American author and activist (born 1970)

James Richard Tracy (born 1970) is an American author, poet and activist living in Oakland, California. He is the co-author (with Amy Sonnie) of Hillbilly Nationalists, Urban Race Rebels and Black Power: Community Organizing in Radical Times (Melville House Publishers 2012).

==Early life==

Tracy was born in Oakland, California in 1970. His family moved shortly thereafter to Vallejo, California. His father was a kindergarten teacher in the Richmond Unified School District. His mother worked a variety of jobs in the social work field. Tracy has two younger brothers.

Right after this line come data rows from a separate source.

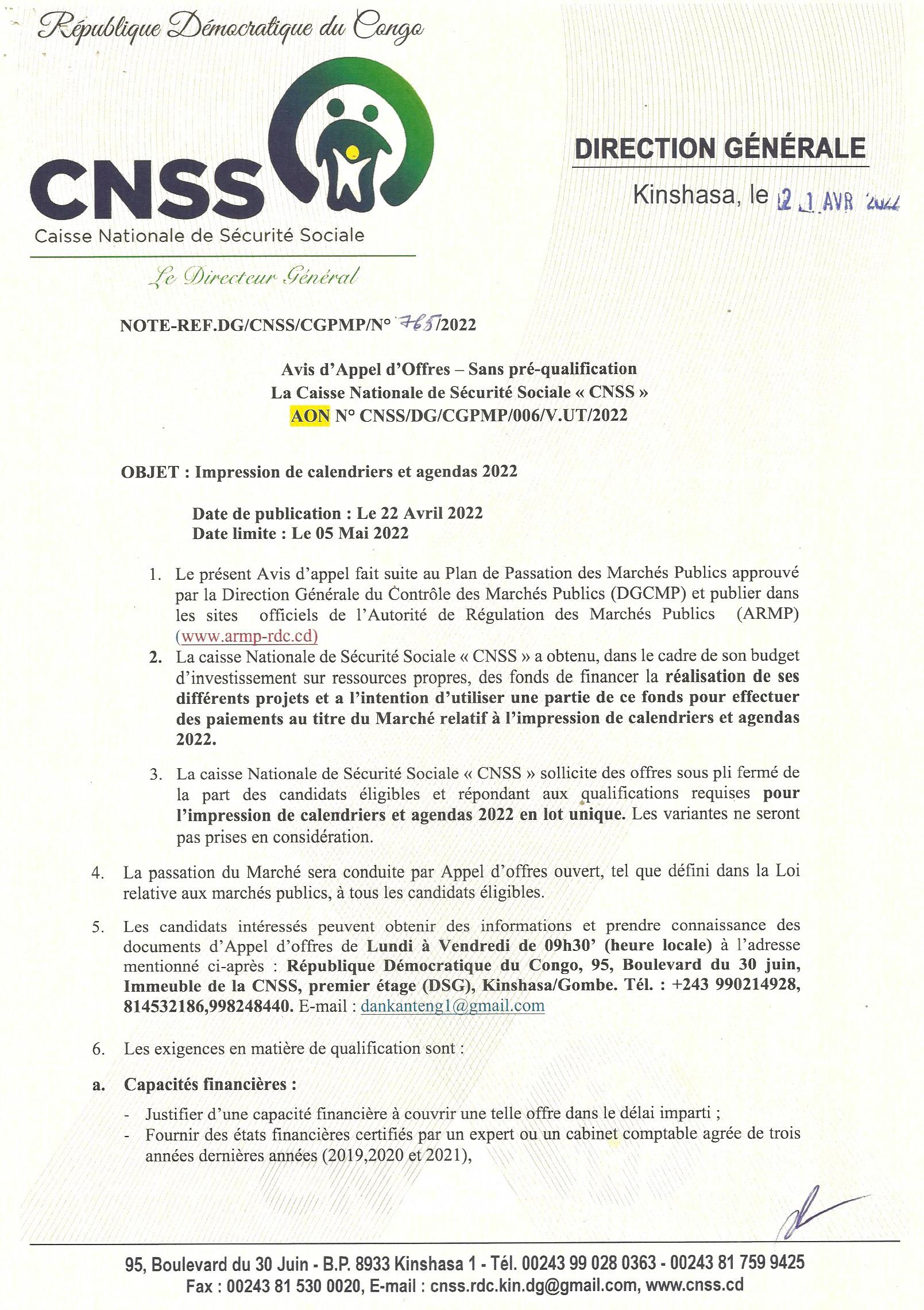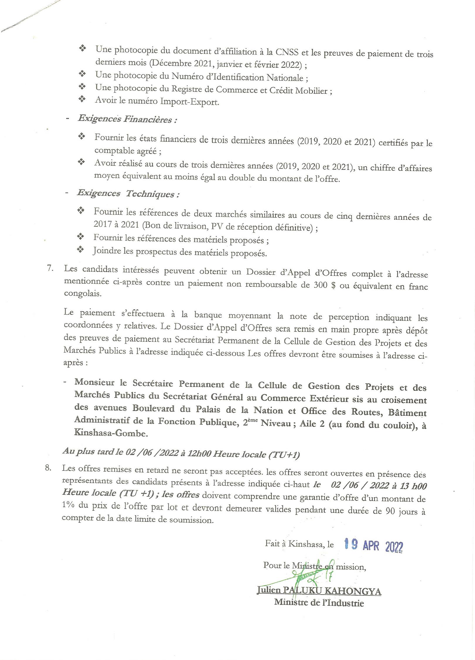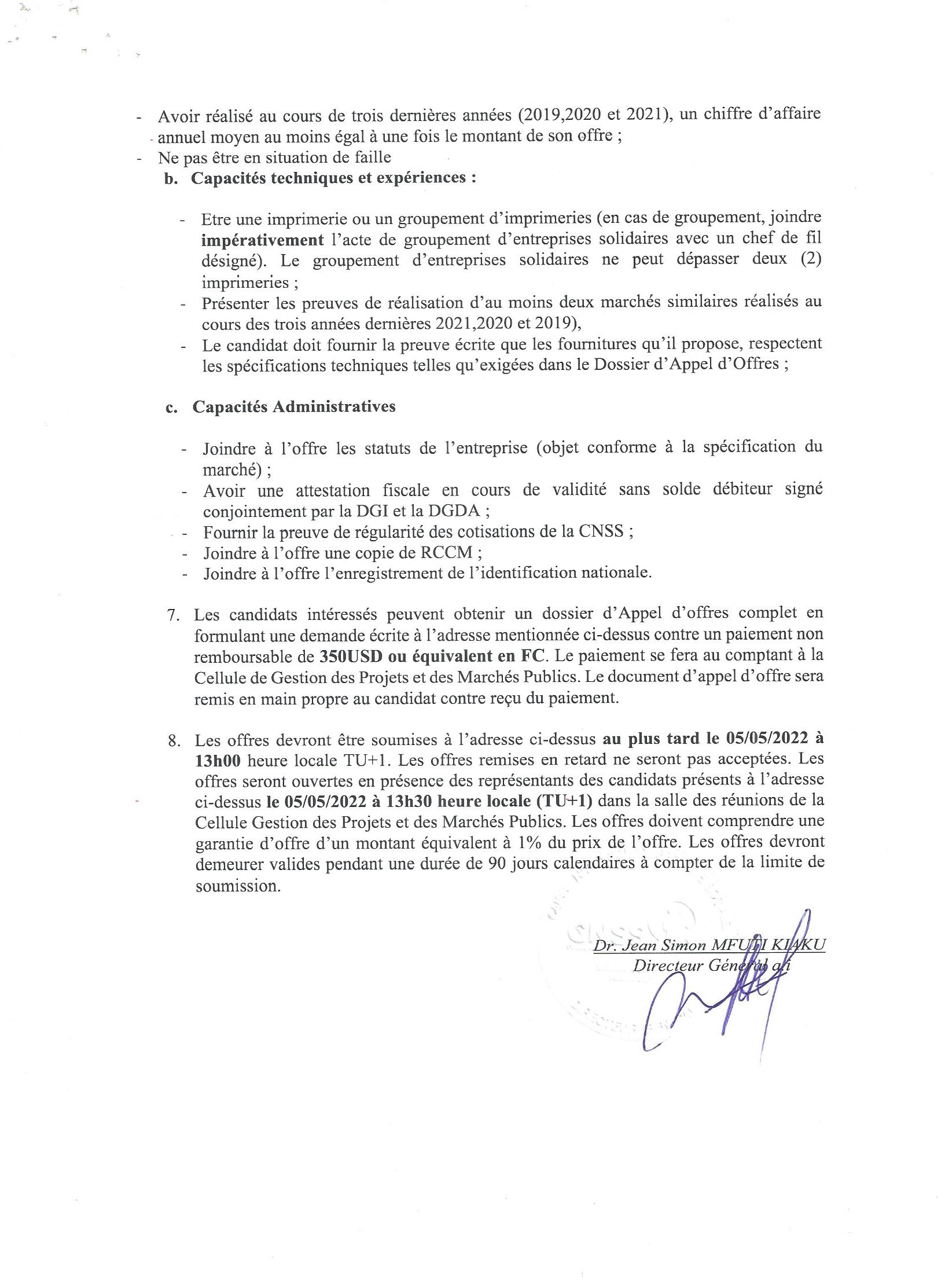 AVIS D’APPEL D’OFFRES DE LA PROVINCE DU LUALABA RELATIF AU MARCHES TRAVAUX DE CONSTRUCTION D’UNE SALLE POLYVALENTE SELON LES DETAILS DANS LE DOSSIER D ‘APPEL D’OFFRES.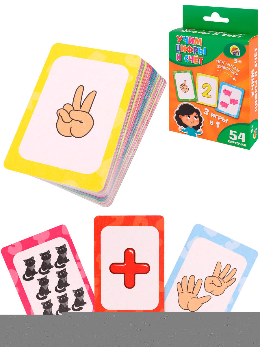"Учим цифры и счёт" - обучающая настольная игра. Она познакомит ребёнка и с простыми математическими действиями, такими как сложение и вычитание, так и с теми, которые посложнее - умножение и деление. Кроме того малыш узнает понятия "больше" и "меньше", научится соотносить названия цифр с их изображениями, а также поймёт, как показывать их на пальцах, и узнает, как же определить, сколько забавных зверюшек прячется на карточках. Состав игры: -54 карточки (109х74мм) - Правила игры 5 игр в 1! Возраст: 3+ Количество игроков: 1+ Время игры: 15+| Издательство | РЫЖИЙ КОТ ООО |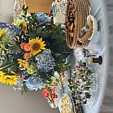 I bought flowers for my sisters funeral in August. We selected bright colorful, cheerful roses, carnations and geberga it was a lovely tribute to a lovely woman.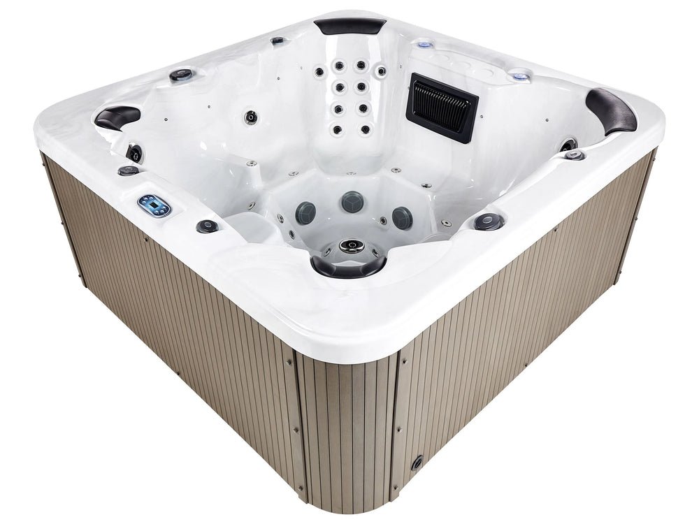 Hot Tub White Acrylic 225 x 225 cm 55 Jets Brown Exterior Panels with LED Heating Beliani is backordered and will ship as soon as it is back in stock.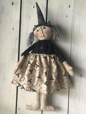 Primitive Grungy Halloween 11" Frog Witch Pumpkin Doll ~ Ro''s Cluttered Attic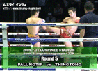 ラジャダムナンスタジアムの看板選手として活躍するジョムトーンと、ムエタイの頂点いったも過言でないノンオーがついに激突。互いに蹴りが得意なうえ、ジョムトーンはパンチ、ノンオーは首相撲の強さという強力な武器がある。ノンオーの速いうえにダイナミックな動きに、ジョムトーンの対応が遅れ始め・・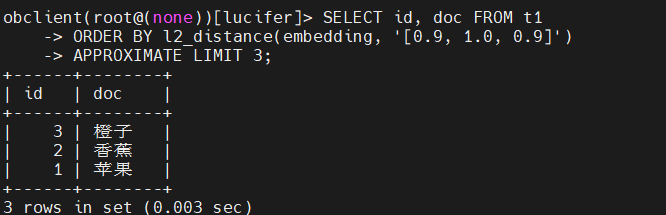 ORDER BY l2_distance(embedding, '[0.9, 1.0, 0.9]')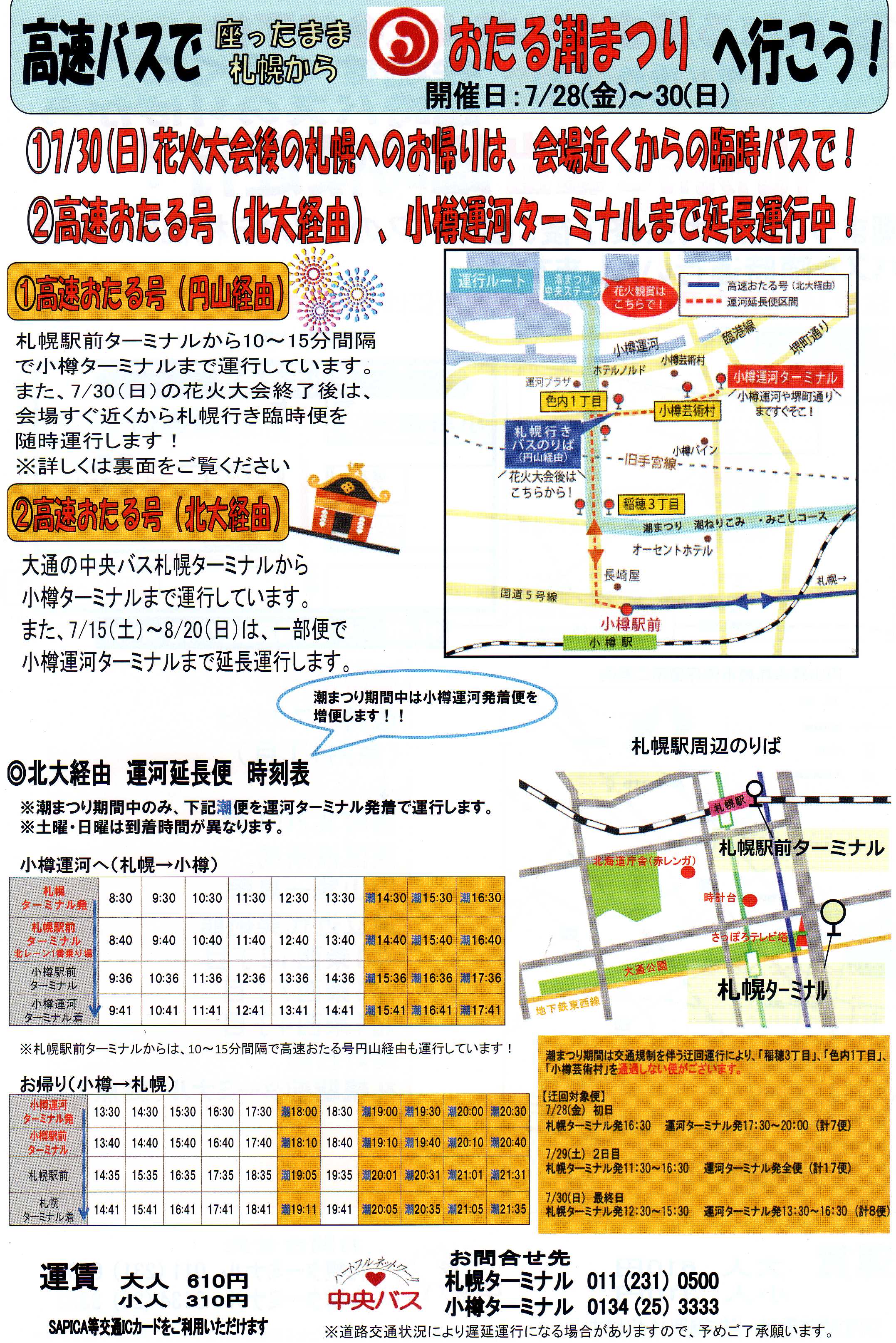 中央バスでは夏休み期間、 小樽~札幌間運行の高速バス 「高速おたる号北大経由」の下記運行便を 終着「小樽駅前」から「小樽運河ターミナル」まで延長します。 札幌から乗換なしで「小樽運河」や「堺町通り」へ行くことが出来、 と […]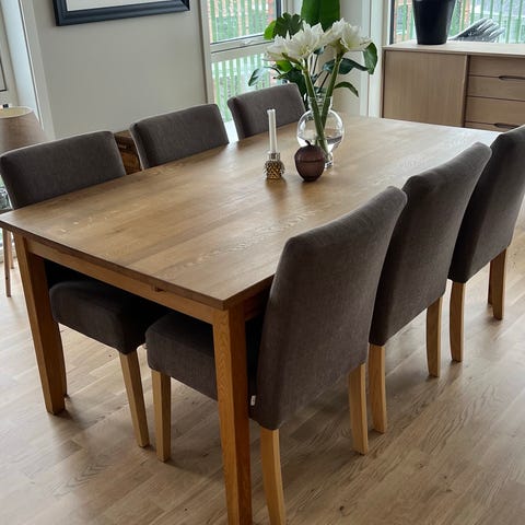 Selger et eikebord med 6 solide stoler i heltre. Bordet er 180X90,5 cm og hver klaff måler 45 cm. Altså mulighet for å gjøre bordet 270 cm langt.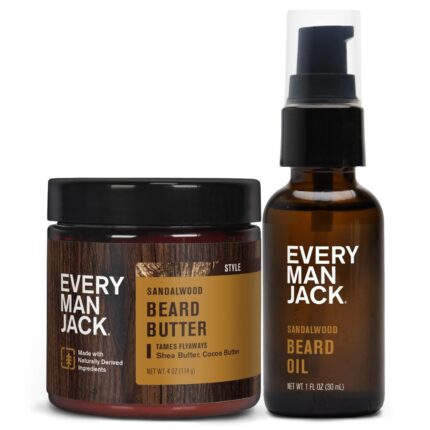 Every Man Jack Beard Oil & Beard Butter Bundle – Sandalwood Fragrance – Rejuvenates, Hydrates & Styles Dry Beards – Naturally Derived with Cocoa Butter and Shea Butter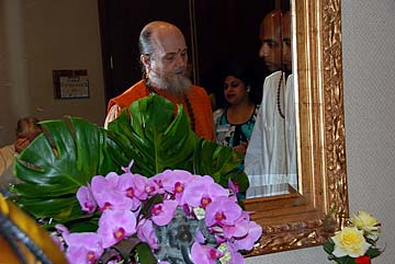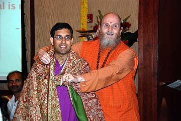 Bodhinatha and Sadhaka Dandapani go over a few things before the program begins.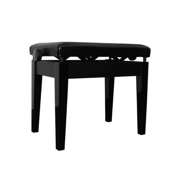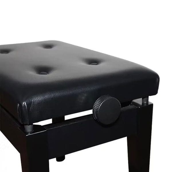 Este elegante asiento negro con ajuste de altura y cojín acolchado es perfecto para largas sesiones de práctica. Su estructura robusta y botones ergonómicos garantizan estabilidad y confort. Ideal para complementar cualquier piano clásico o digital.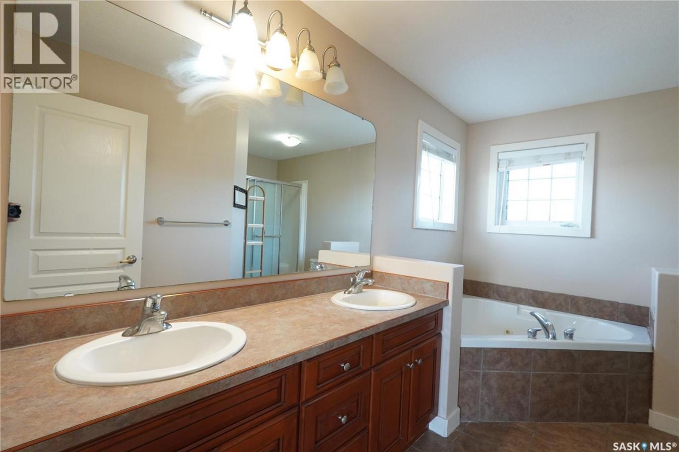 THIS IS NOT A CONDO AND THE YARD IS NOT SHARED. You get almost 3,000 SQFT of living space with this beautiful 2 storey walkout that has the location you will love, Wonderful White City! Backs the golf course and park which includes walking paths and all the fun a family requires! You are welcomed by the beautiful front yard and covered front steps that lead you into the foyer that brings flow through the entire home. Amazing natural light fills both the main and 2nd floor. With this open concept floor plan you will just love what this home offers. Great sized living room with a gas fireplace that creates a elegant focal point and hardwood flooring that runs through most of the main level. The kitchen offers a centre island, with extra seating, also featuring ample counters and cabinetry, backsplash, and pantry. The main floor also includes an office with its own 3 piece bathroom, laundry and direct entry into garage. The main floor comes complete with a 2 piece bathroom, also the dining area has patio doors leading to the deck with a beautifully landscaped backyard. The 2nd floor features 2 spacious bedrooms with the primary bedroom sized for your king size suite, a walk-in closet & a 5 piece bathroom with his and her sinks. This floor is finished with a 4 piece bathroom with tub surround and another huge bedroom. The lower level is fully finished with a family room, 3rd and 4th bedroom and a den perfectly set up for your media room. This floor is complete with a 4 piece bathroom with tub surround. Other features include newer furnace, heated basement floor, double attached garage, walkout basement to patio and much more! This home is in a fantastic location. Set up your viewing today you don't want to miss out on this one! (id:6769)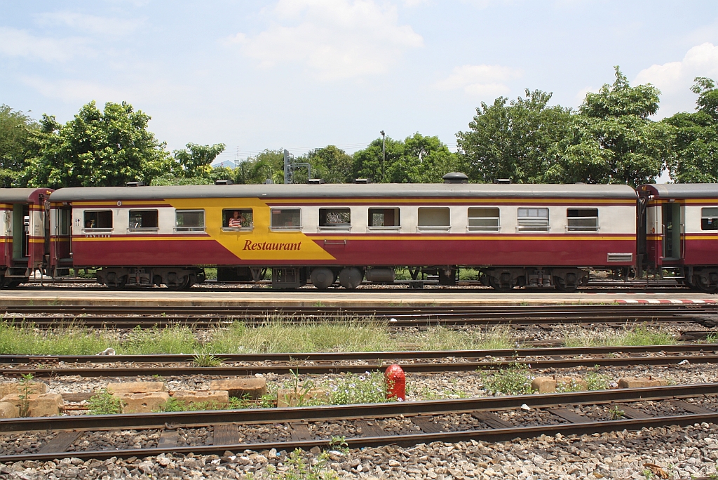 บกข. 1018 (บกข. =BRC./Bogie Buffet Carriage, Bogie Restaurant Car) am 28.Mai 2013 im Bf. Hua Lamphong.
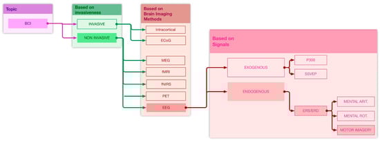 In light of these observations, EEG-based BCIs, particularly those using motor image paradigms applied to wheelchair apparatus control, represent the sub-area of interest of our review (Figure 2). Although they are outside the scope of this work, for completeness of discussion, other relevant uses of motor imagery BCI must be cited and analyzed. Indeed, in addition to managing wheelchair movement and control, a MI BCI has a wide range of applications, such as virtual reality, neurorehabilitation, and controlling robotic devices [52]. The scientific research on BCI technology has also been focused on other medical applications [52,53,54,55], with many BCIs intended for the replacement or restoration of central nervous system (CNS) functionality lost due to illnesses (such as amyotrophic lateral sclerosis and locked-in syndrome) or to trauma (such as spinal cord injury), and others focused on therapy and motor rehabilitation [38].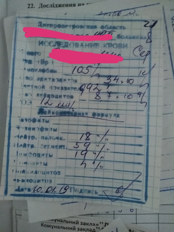 Анализы, скринингиПомогите пожалуйста разобраться,вчера была в больнице,капала Реосорбилакт,пришла кровь( не натощак) и моча( не самая первая) ,и моча по Ничипоренко,в общем моча вся в норме ,фото прилагается,а вот кровь ... С ноября принимая препараты железа не могу поднять гемоглобин выше 105,из-за этого цветной показатель низкий( это понятно) лейкоциты и соэ в норме,лейкоцитарная формула в норме,кроме палачкоядерных нейтрофилов,они повышены в три раза! 18% и только они и все... Посмотрела обмену,в конце ноября вообще 20! А я даже не знала об этом... Что это может быть,в понедельник опять в больницу,попрошу переслать + биохимию ,но все же,один этот показатель может говорить о бактериальной инфекции??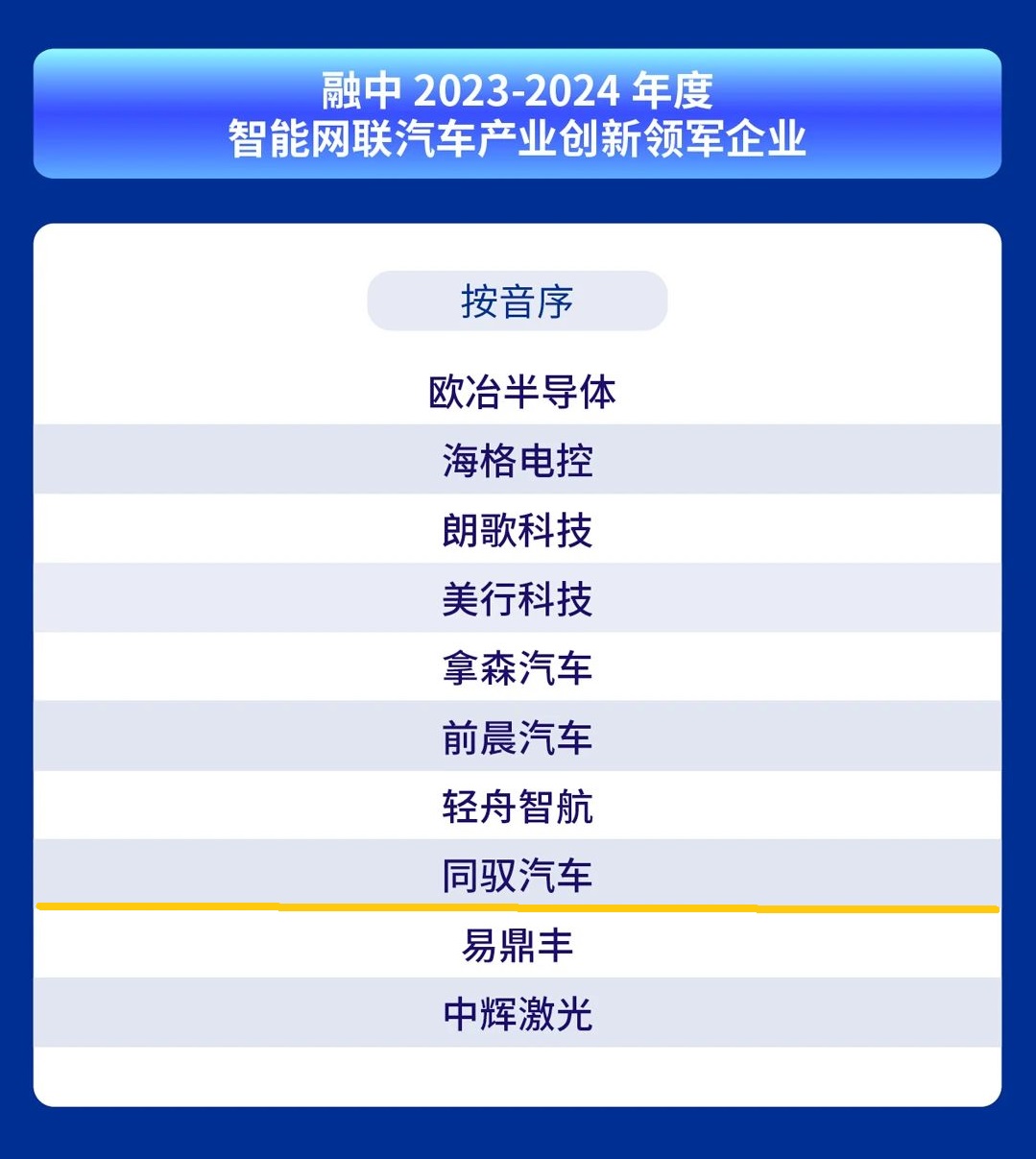 融中2023-2024年度智能网联汽车产业创新领军企业

Tracy credits several formative events in shaping his early political outlook. His first job was as a paper delivery person for the Vallejo Independent Press, a worker-owned newspaper founded by striking newspaper workers. This introduced the idea of worker self-management to him. In early 1989, the presence of Neo-Nazi organizers in Vallejo helped him form an anti-racist commitment.

==Housing organizing==
In 1992, Tracy co-founded the Eviction Defense Network (EDN) an organization which utilized direct action to prevent evictions. The EDN was invited to work alongside public housing residents organizing for the right-of-return in the federal HOPE VI program. Subsequently, he was a member of the Coalition On Homelessness, Mission Agenda, and the Mission Anti-Displacement Coalition.

==Teaching==
In 2023, Tracy was lecturing at San Francisco State University.

==Published work==
- The Civil Disobedience Handbook: A Brief History and Practical Guide for the Politically Disenchanted (Manic D Press, 2001)
- The Military Draft Handbook: A Brief History and Practical Guide for the Curious and Confused (Manic D Press, 2005)
- Molotov Mouths Outspoken Word Troupe: Explosive New Writing (Manic D Press, 2003)
- Avanti Popolo: Italian Americans Sail Beyond Columbus (co-editor) (Manic D Press, 2008)
- Sparks and Codes (Civil Defense Poetry, 2007)
- Hillbilly Nationalists, Urban Race Rebels and Black Power: Community Organizing in Radical Times (Melville House Publishers, 2012)
- Dispatches Against Displacement: Field Notes From San Francisco's Housing Wars (AK Press, 2014)
- No Fascist USA!: The John Brown Anti-Klan Committee and Lessons for Today’s Movements (co-authored with Hilary Moore) (City Lights Publishers, 2020)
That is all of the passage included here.